講演情報

[O4-5]全ゲノム解析データを用いたKIRハプロタイプ推定手法の開発と人種間KIR多型の比較解析

森田 真梨1, 川口 修治1, 稲富 雄一1, 川口 喬久1, 進藤 岳郎2, 高折 晃史2, 松田 文彦1 (1.京都大学大学院医学研究科 附属ゲノム医学センター, 2.京都大学大学院医学研究科 血液腫瘍内科学)

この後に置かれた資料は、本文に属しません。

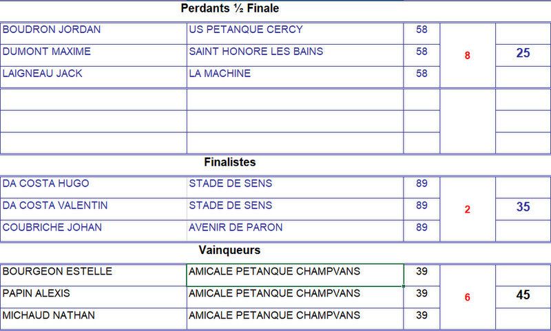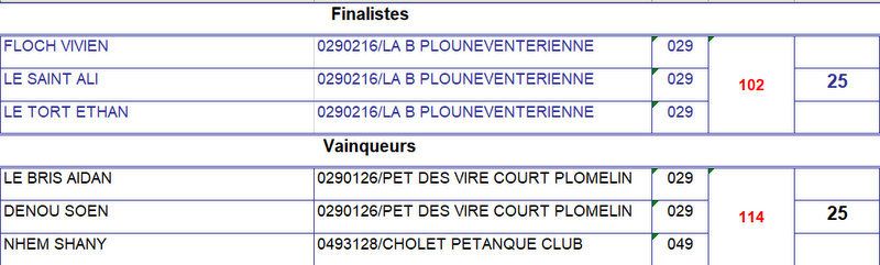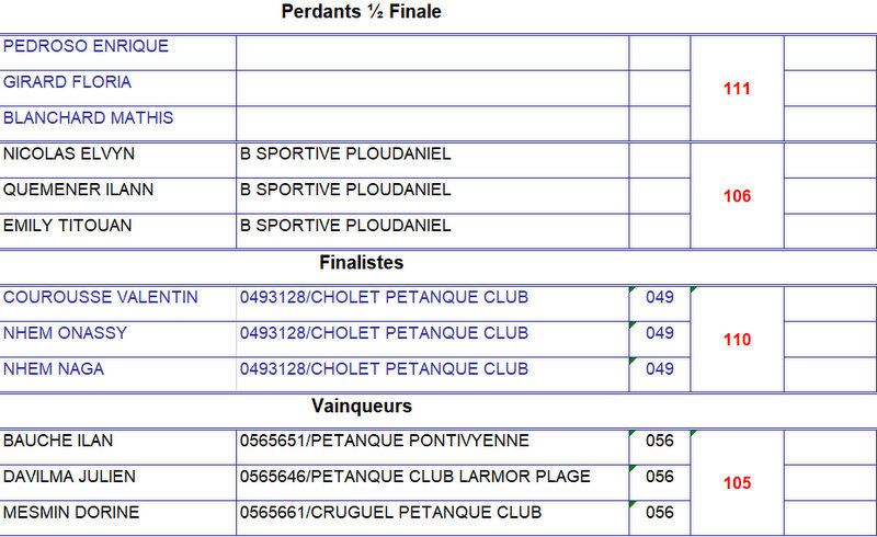 Pour le concours de PLOMELIN la catégorie Junior a été annulée. Pour le National de Migennes, la catégorie Junior n'a pas fait de concours "B", et la finale des Minimes en concours "B" ne s'est pas disputée !?!?

キラー細胞免疫グロブリン様受容体(KIR)はヒト白血球抗原(HLA)との会合によりNK細胞にシグナルを伝え、自然免疫を制御する。17種類のKIR遺伝子のコピー数とアレルの種類は個人間で大きく異なる。このKIRハプロタイプの違いが様々な疾患や臓器移植の治療効果と関連することが近年明らかになっている。KIRアレルの同定にはターゲットシーケンスが用いられてきたが、カバレッジの均質化が困難なことや多型による低収量PCRの存在によりコピー数推定精度が低いという問題がある。また遺伝子間の相同性が高く、高精度のアレルタイピング手法が求められている。本研究では全ゲノム配列解析(WGS)を用いてKIR遺伝子のコピー数、アレル、ハプロタイプの推定手法および融合遺伝子検出法を開発した。WGSのカバレッジはターゲットシーケンスと比べて低いが、全遺伝子間で均質に得られる利点がある。またHLA領域の配列が同時に得られるため費用対効果に優れる。本手法でははじめに融合遺伝子を検出し、その情報を考慮してコピー数を推定した。得られたコピー数を基にKIRアレルをタイピングした。タイピング手法にはHLA用に開発したHLA-HDを改良することで、高精度な推定を試みた。最後に推定したコピー数とアレルを基にハプロタイプを同定した。開発手法を1000 Genomes Project検体のうちカバレッジ7.5以上のWGS 2627例に適用し、KIRアレルとハプロタイプを推定した。アレルタイピングには2476例の全エクソーム解析データを含め、精度向上を試みた。推定結果を一部の既知のタイピング結果と比較したところ、約90%の一致率となり、融合遺伝子となるアレルも存在した。複数の人種での過去研究で得られたアレル分布との類似性も得られた。人種間におけるハプロタイプの分布の違いを明らかにし、複数の新規ハプロタイプの同定にも成功した。本手法をこれまで解析してきたWGSデータに適用することで、KIR多型の臨床解析に貢献できる。